Exactly reproduce all the records, keeping pictures out of the copy.

*Dataset entries*
/---
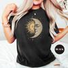 Mystical Sun and Moon Face Comfort Unisex TShirt Chic Vintage Bohemian Attire Apparel Short Sleeve Trendy Y2K Casual Streetwear
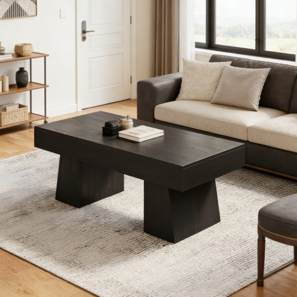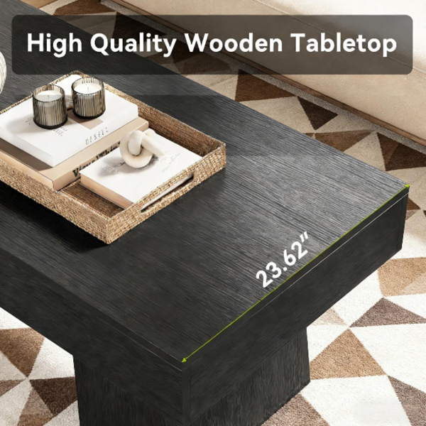 Durable Wooden Coffee Table - This high-quality MDF coffee table offers long-lasting durability and water resistance for easy cleaning.Sturdy Design - The thick tabletop and robust base ensure excellent stability, with adjustable footpads for grip on uneven surfaces.
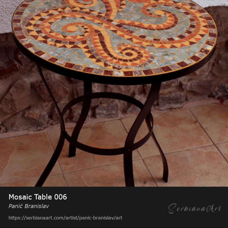 This mosaic table was made from ceramic tiles, glued with cement, frame and legs are metal.Share and promote this artwork
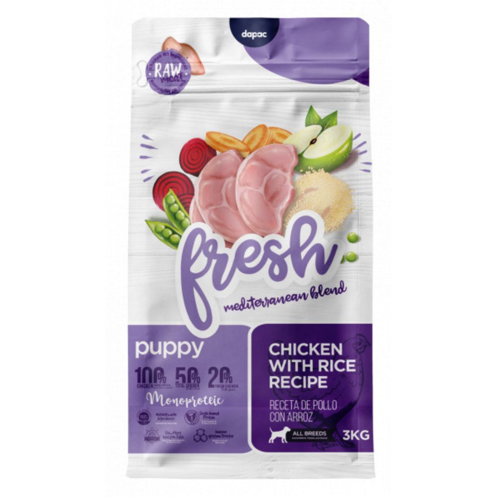 Pienso natural para cachorros de todas las razas. 80% proteína animal, 50% pollo total y 20% fresco. Rico en prebióticos y antioxidantes.Croqueta de 10 mm.
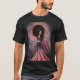My 11 yo wore adult XL (5’7” 165#). The 8yo is small framed. She wore adult small and tied it in the back. Grandma wore adult large with long sleeve shirt underneath. Tall girl adult medium. Dark haired male adult large. Good quality dark Heather gray, Gildan brand shirt. -it was next up from basic choice and cost about $20 per shirt. Not too thick or thin. Washed and dried well, no major shrinkage. Not see-through. Can wear a bra under it fine. Screen print is just as shown and well done, front and back.
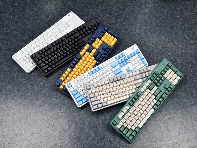 雷柏 V500PRO 2024版采用了全新的104键外观设计,共提供了6种配色方案,我们都得到了。有点遗憾,雷柏 V500PRO2024版提供了五种雷柏独立机械轴。在我们得到的六个键盘中,只有三个,我们没有体验到所有轴的感觉。
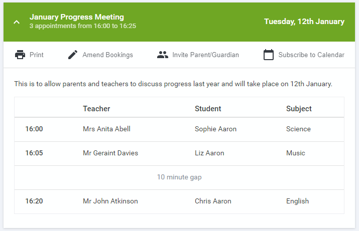 Please note that a maximum of TWO guests can use this link. Anyone else using it (including the parent that sent the invite, who should log in via their own confirmation email) will knock the guest out of appointments.
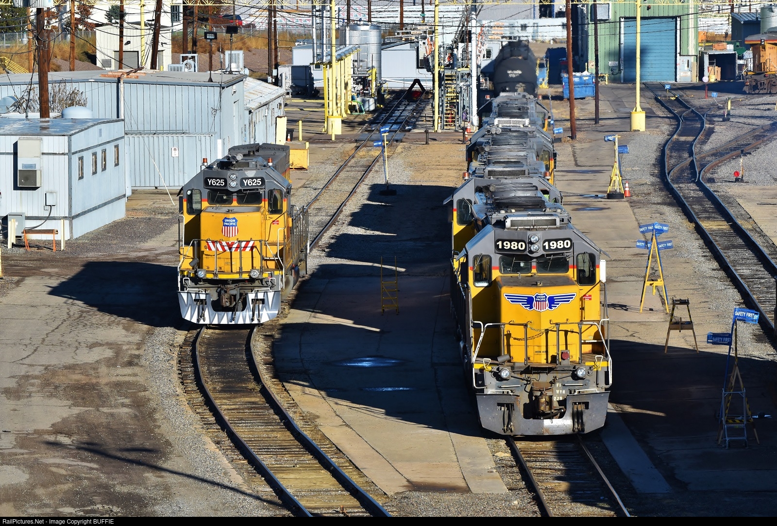 UP 1980 (GP38N) joins other light power in the North Yard as they wait for their chance to sort freight cars.
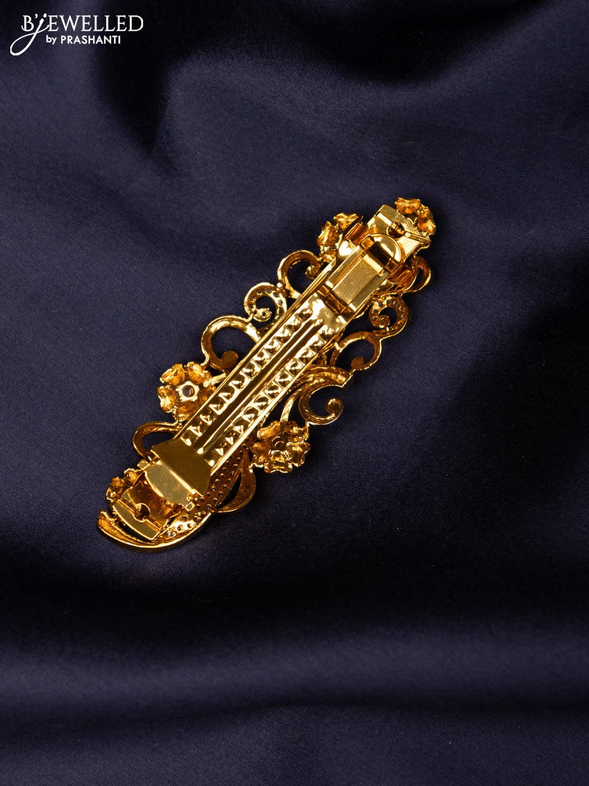 Antique hair clip medium size floral design with kemp and cz stones
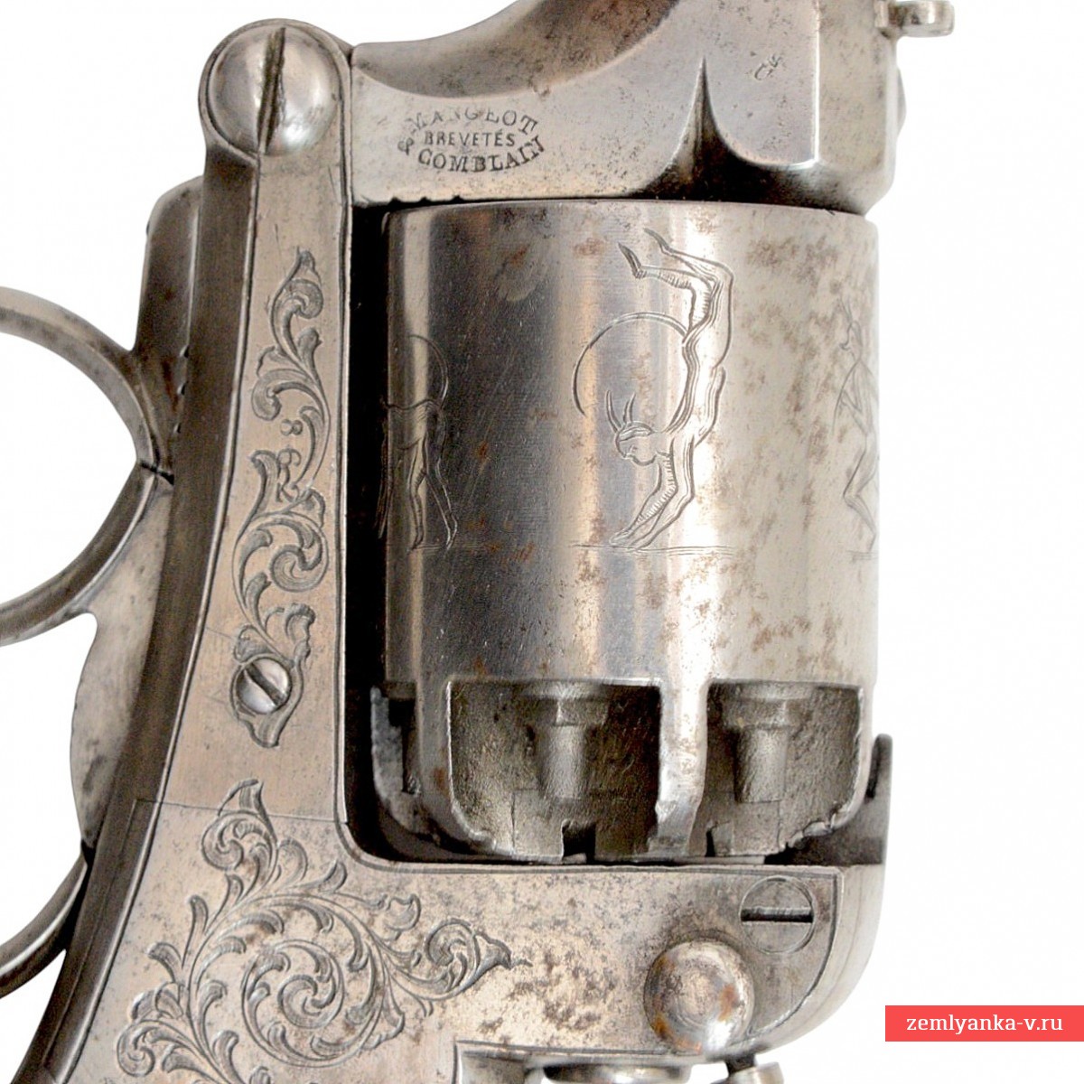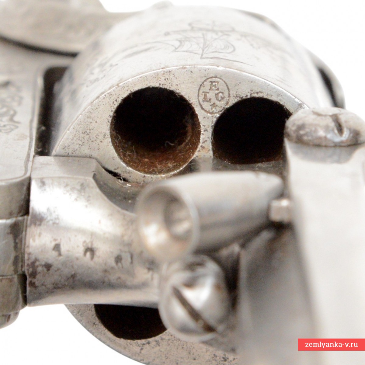 Барабан гладкий, на 6 камор. В тыльной торцевой части барабана пробито клеймо «E.L.G.» над звездой в овале– клеймо Льежской оружейной фабрики. В данном клейме буква «Е» означает «epreve», а буквы «L» и «G», в отличие от клейма испытаний стволов-заготовок, имеют другое происхождение и взяты из городского девиза Льежа «Libertas Gentis» — «Свобода народа». Данное клеймо наносилось на готовое оружие, собранное в период между 20 февраля 1811 года и 11 июля 1893 года. Имеются противоречивые данные по времени применения этого клейма в качестве приемного: с 18 мая 1811 г. по 14 сентября 1813 г.; с 18 августа 1818 (?) г. по 11 июля 1893 г.; с 8 сентября 1846 г. по 11 июля 1893 г. (из других источников — с 1845 по 1893 гг.) с 11 июля 1893 г. по настоящее время — для дульнозарядных ружей. Вариант этого клейма с многолучевой звездой наносился на готовое гладкоствольное оружие, собранное в период между 14 сентября 1813 года и 18 августа 1818 (?) года.
\---
*Exercise response*
 Mystical Sun and Moon Face Comfort Unisex TShirt Chic Vintage Bohemian Attire Apparel Short Sleeve Trendy Y2K Casual Streetwear
 Durable Wooden Coffee Table - This high-quality MDF coffee table offers long-lasting durability and water resistance for easy cleaning.Sturdy Design - The thick tabletop and robust base ensure excellent stability, with adjustable footpads for grip on uneven surfaces.
 This mosaic table was made from ceramic tiles, glued with cement, frame and legs are metal.Share and promote this artwork
 Pienso natural para cachorros de todas las razas. 80% proteína animal, 50% pollo total y 20% fresco. Rico en prebióticos y antioxidantes.Croqueta de 10 mm.
My 11 yo wore adult XL (5’7” 165#). The 8yo is small framed. She wore adult small and tied it in the back. Grandma wore adult large with long sleeve shirt underneath. Tall girl adult medium. Dark haired male adult large. Good quality dark Heather gray, Gildan brand shirt. -it was next up from basic choice and cost about $20 per shirt. Not too thick or thin. Washed and dried well, no major shrinkage. Not see-through. Can wear a bra under it fine. Screen print is just as shown and well done, front and back.
 雷柏 V500PRO 2024版采用了全新的104键外观设计,共提供了6种配色方案,我们都得到了。有点遗憾,雷柏 V500PRO2024版提供了五种雷柏独立机械轴。在我们得到的六个键盘中,只有三个,我们没有体验到所有轴的感觉。
 Please note that a maximum of TWO guests can use this link. Anyone else using it (including the parent that sent the invite, who should log in via their own confirmation email) will knock the guest out of appointments.
 UP 1980 (GP38N) joins other light power in the North Yard as they wait for their chance to sort freight cars.
 Antique hair clip medium size floral design with kemp and cz stones
 Барабан гладкий, на 6 камор. В тыльной торцевой части барабана пробито клеймо «E.L.G.» над звездой в овале– клеймо Льежской оружейной фабрики. В данном клейме буква «Е» означает «epreve», а буквы «L» и «G», в отличие от клейма испытаний стволов-заготовок, имеют другое происхождение и взяты из городского девиза Льежа «Libertas Gentis» — «Свобода народа». Данное клеймо наносилось на готовое оружие, собранное в период между 20 февраля 1811 года и 11 июля 1893 года. Имеются противоречивые данные по времени применения этого клейма в качестве приемного: с 18 мая 1811 г. по 14 сентября 1813 г.; с 18 августа 1818 (?) г. по 11 июля 1893 г.; с 8 сентября 1846 г. по 11 июля 1893 г. (из других источников — с 1845 по 1893 гг.) с 11 июля 1893 г. по настоящее время — для дульнозарядных ружей. Вариант этого клейма с многолучевой звездой наносился на готовое гладкоствольное оружие, собранное в период между 14 сентября 1813 года и 18 августа 1818 (?) года.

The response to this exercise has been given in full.